OK. That's not a problem at present. The lack of housing is a problem.
Which I agreed with. I simply disagree with it being a significant problem.
You mean raise the tax on property. The problem with that is that it discourages economical use of the property. The purpose of allowing deductions for improvement is that it encourages productive use of the property.
I don't agree with that. Renting is an economical use of the property.
Empty improvement for tax deduction sake isn't an economical use of property, it's just incentivizing spending on the property. And no one is going to spend on property improvements unless they can recoup the expenditure in rents. Deductions don't offset the cost of the improvements. All that would do is accelerate the desire to make the rents higher.
THat is not going to create more affordable housing.
See above. It is how a smart municipality would do it.
See above. It's why a smart municipality will simply raise property taxes instead of trying to indirectly control landlord expenditures.
I think part of the issue may be the level that we're looking at the issue. I'm looking at the individual and regional level, while you seem more focused on the city. And I don't get why you'd dismiss increased productivity and higher standard of living for residents as a concern, which is how your argument appears to read. Again, my point is that lifting restrictions on new construction makes the city richer, in part by simply removing a major impediment to growth and in part by changing the compensation structure to align productivity with pay (instead of rewarding economically negative rent extraction). And the tax-structure change I also would support does the same thing (removes an impediment to productivity without lowering collections, and incentivizes activities that we want to encourage/removes incentives to destructive behavior).
I'm not dismissing it as a concern. I'm dismissing it as a significant concern. It's a matter of degree. And you are correct, i'm approaching this from the perspective of the city. I was just thinking that was the core difference in our opinions here.
I participate in a professional group that advocates strongly for more development in my city. We've decided that the best approach, and thus the one that the group advocates, is that new construction tax abatements with a sunset clause coupled with programs that incentivize low income people to stay in their homes (like reductions for seniors and low income families) works better for creating more housing than trying to dictate spending. The city did lift some height restrictions years ago but that was before I started following this stuff closely.

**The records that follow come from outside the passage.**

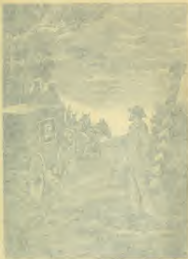
Meeting of Levin and Kitty Woodcut from Anna Karenina by I. Kramskoy
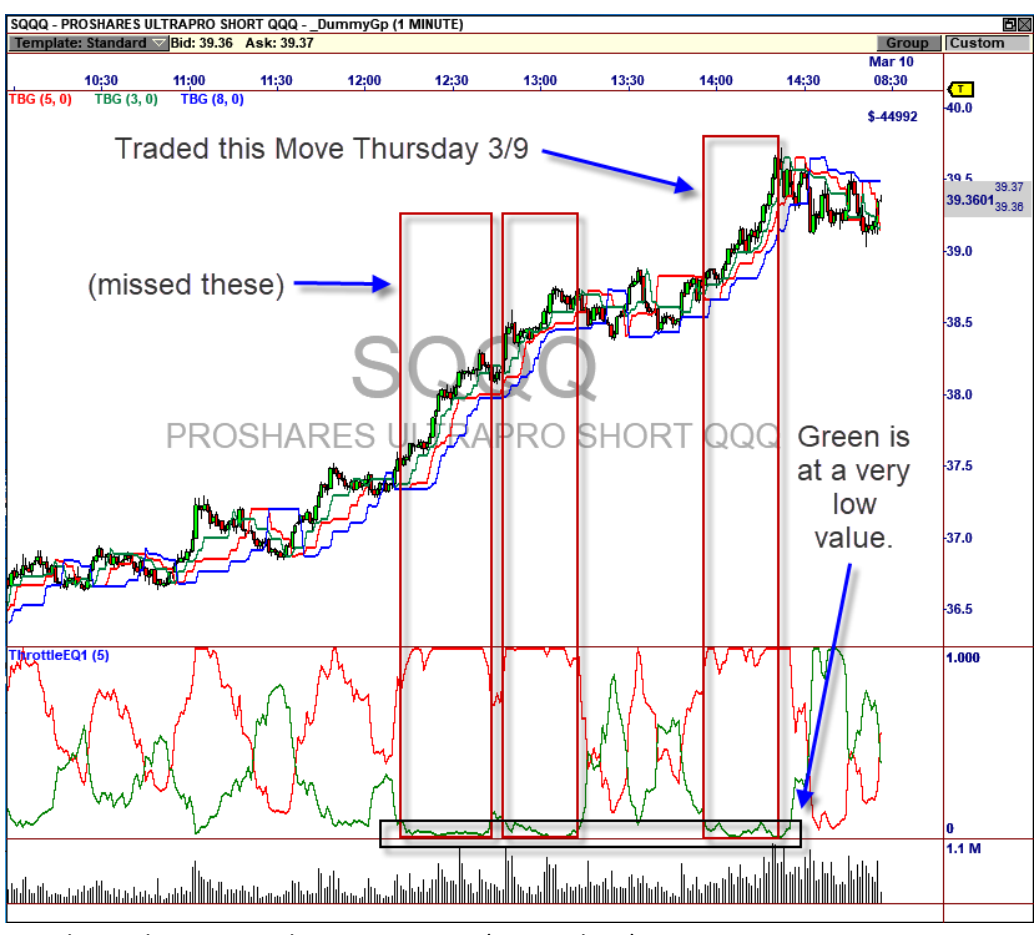
March 9 - Showing weak L.I. near zero. (1 Min chart)
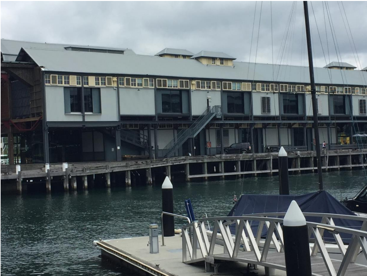
Precinct stair orientation precedent
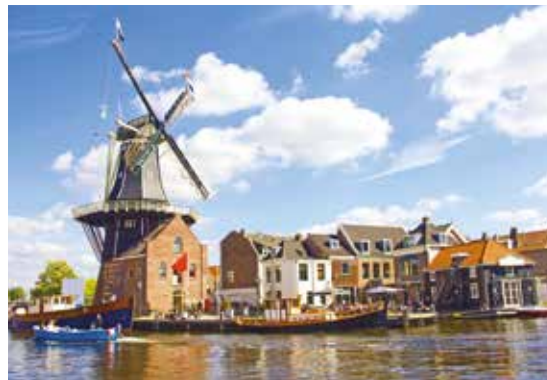
Windmill de Adriaan, Haarlem
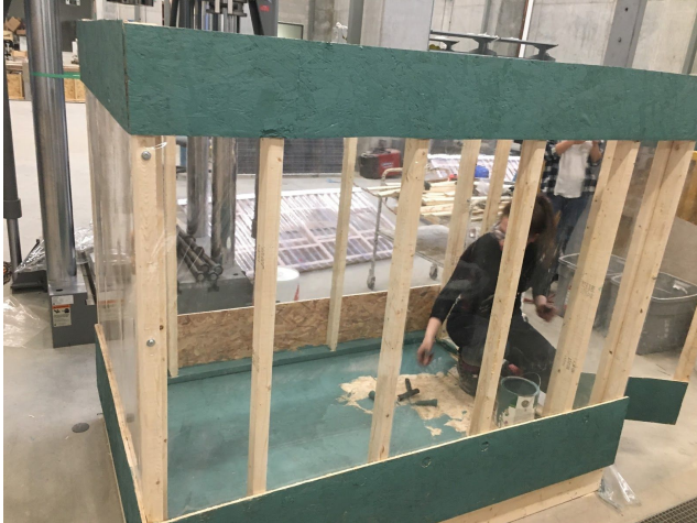
Figure 7. Walls
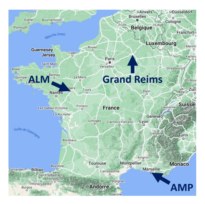
Figure 1: Location of the three local authorities that are included in the case study

Note: The ALM mobility plan is included in an urban land-use plan, so it has some specificities, especially considering that there is only one common SEA for both urbanism and mobility aspects.
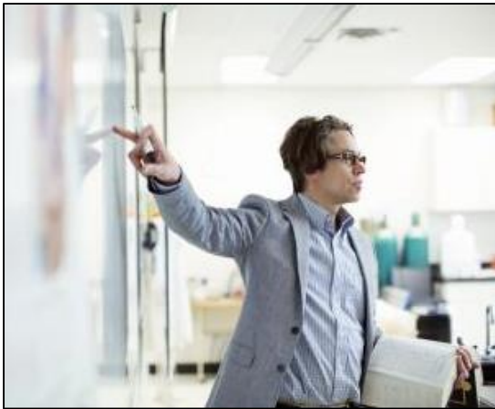
TA's are considered responsible employees
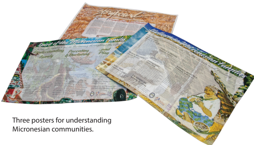
Three posters for understanding Micronesia communities.

In Micronesia, formal programs and institutional care are often not available or discouraged because engaging in such services bring the illness outside of the private, family setting. Hence, the use of natural helpers is essential to addressing needs of the individual and family who can benefit from services. Natural helpers can serve to link those in need of services with others who have the knowledge and skill to provide the service. Specifically, traditional healers are knowledgeable of herbal remedies, healing massage, and spiritual practices to address an array of ailments.
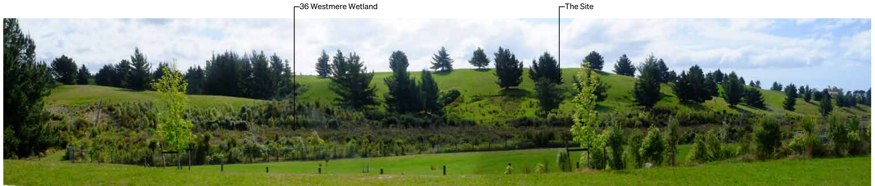
Viewpoint Location Photograph 8: Located on Westmere Drive at the local reserve approximately 125 m from the site, looking west.

The bigger issue is the business tax environment. We've seen that as we attract new businesses, we create more demand for housing and that supply steps up to meet that need. But we also see that the city can generate surplus revenue simply by raising the property taxes and assessments to better reflect actual market values. These surpluses can be redirected to the public schools, dealing with the opioid epidemic, funding for the homeless. Things that were not realistically within the budget before that.
From the citizens perspective, I'm sure they'd prefer some mechanism which results in lower rents but I'm not sure that helps the city itself.
I've got to find that paper which looked into whether or not gentrification, in my city, resulted in more affordable housing overall. We did notice that gentrification had no real impact on how long people stayed in their properties.
But every city is different so I'm going to concede that you know your city better than I ever could.